I watch the ripples change their size
But never leave the stream
Of warm impermanence
So the days float through my eyes
But still the days seem the same
And these children that you spit on
As they try to change their worlds
Are immune to your consultations
They’re quite aware of what they’re going through
–David Bowie, “Changes”
A couple of years ago, Judith Halberstam spoke at the University of Cincinnati where I was working (I’m also an alumna of UC), and I had my graduate assistants run the staff meeting with the resident advisers so I could go see Halby speak. It was a great talk (I took a lot of notes). Halberstam talked about March of the Penguins vs. Happy Feet, and the ridiculousness of anthropomorphizing the penguins as being in love, and also about the Chucky horror series. A couple of weeks later, I bought my partner Halby’s book, In A Queer Time and Place: Transgender Bodies, Subcultural Lives (2005, NYU Press), but I hadn’t read it until now. I picked it up last week and have gone through it quickly because it’s a really great mix between academic language & pop cultural analysis.
The place in the book where I was reading this morning on the bus really spoke to me:
Fourth, queer subcultures afford us a perfect opportunity to depart from a normative model of youth cultures as stages on the way to adulthood; this allows us to map out different forms of adulthood, or the refusal of adulthood and new modes of deliberate deviance…
For queers, the separation between youth and adulthood quite simply does not hold, and queer adolescence can extend far beyond one’s twenties. (174)
It was perfect that Changes by David Bowie came on at the exact moment I was reading this.
And these children that you spit on
As they try to change their worlds
Are immune to your consultations
They’re quite aware of what they’re going through
I grew up in Ohio– I lived there for 30 years before moving to Minnesota w/ my partner. I spent the last three years in Ohio working as a hall director– free rent, free food, decent pay, shitty hours. But it’s an extended adolescence because you’re immersed in college culture. When we decided it was time to bust out of the hornet’s nest of Cincinnati, we chose the Twin Cities because my partner grew up here. Part of a big move is finding a job and housing in the new place, and we both struggled a lot with the employment piece particularly when we moved here. I have a M.Ed. (higher ed admin), and my partner used to teach composition at a community college. We were both woefully underemployed for the first year or so of living here–and as a result, we had a very limited amount of money to spend on rent–so we live in a very small one bedroom apartment. I feel over-educated for my job (but in this economy, I’m happy to have a full-time job, so I’m not complaining). Lately, I’ve been feeling like I’m not grown up enough. A lot of our friends/family (all over the country–not just here) have bought houses, had kids, etc…but I’m not really interested in doing those things. The “adulthood” benchmark I have set for myself is starting a doctoral program, but I’m not seriously considering that right now for any number of reasons.
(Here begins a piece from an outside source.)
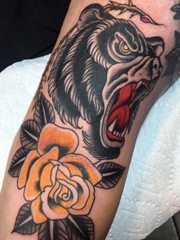 手臂上的传统风格黑熊和黄色玫瑰花纹身
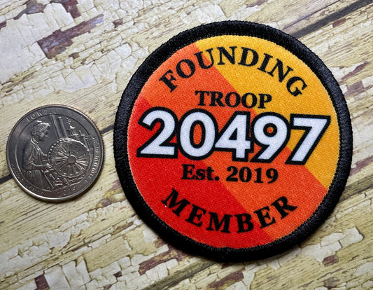 Customizable Founding Member Patch | Personalized Troop Badge | 2.57" Polyester Iron-On | Scout Leader Pride | Unique Troop Number & Year

For queers, the heteronormative benchmarks of adulthood can also apply, but I know so many queers who have done things in a different order– friends who had a kid in high school then came out, friends who had a child w/ their partner but never a commitment ceremony, friends who buy houses but have not completed college degrees, etc… These events are all marked as Adult, yet many queer people I know have chosen a different path. My path has been fractured at best, as I think most are. I think of my friends who are still working on undergraduate degrees–some of them are over 25, some of them over 30. It is important to consider heteronormative benchmarks of adulthood as false markers for us because so many queer people have not had economic access to the tools that heteronormative folks use to build their benchmarks.
For a couple of years, I felt like an adult because I had a master’s degree and a husband (duh, that didn’t work out), but I felt immediately propelled backwards when we split up, and I had to come out to my parents all over again. I lived alone for the first time in my life, and suddenly the rules that my parents set for me as a 17 year old away at college came back. I had to call them every Sunday night, I had to call them when I left Oberlin to drive to Cincinnati to visit, and then call to report that I was back safely. I also had to ask them for some financial help– the car my ex-husband and I shared was his, so when we split up, I was without a car in a place I needed a car. (I still have to call once a week…which is a strange thing, because I feel like I call them less than I did when I just called whenever I felt like it.)
All of this is germinating… I’m just interested in hearing what other people think about the ideas of extended queer adolescence– and also, I’m not suggesting (nor is Halberstam, from what I can tell) that the idea of extended adolescence means that we, as queer folk, have to do any of the heteronormative adult actions like getting married, having kids, buying houses, etc… I think we can see that some queers (not gays and lesbians–people who would self identify as queer or radical) choose to form different family structures, make different economic choices, take different emotional risks. And that’s fine by me– I tried the heteronormative route and it didn’t work for me.
I have thought, read, and written about the extended queer adolescence before, but I really needed to hear it again and the message came to me simultaneously by Halberstam and David Bowie, and really people– how can you not hear a message delivered by two fucking awesome Brits such as these?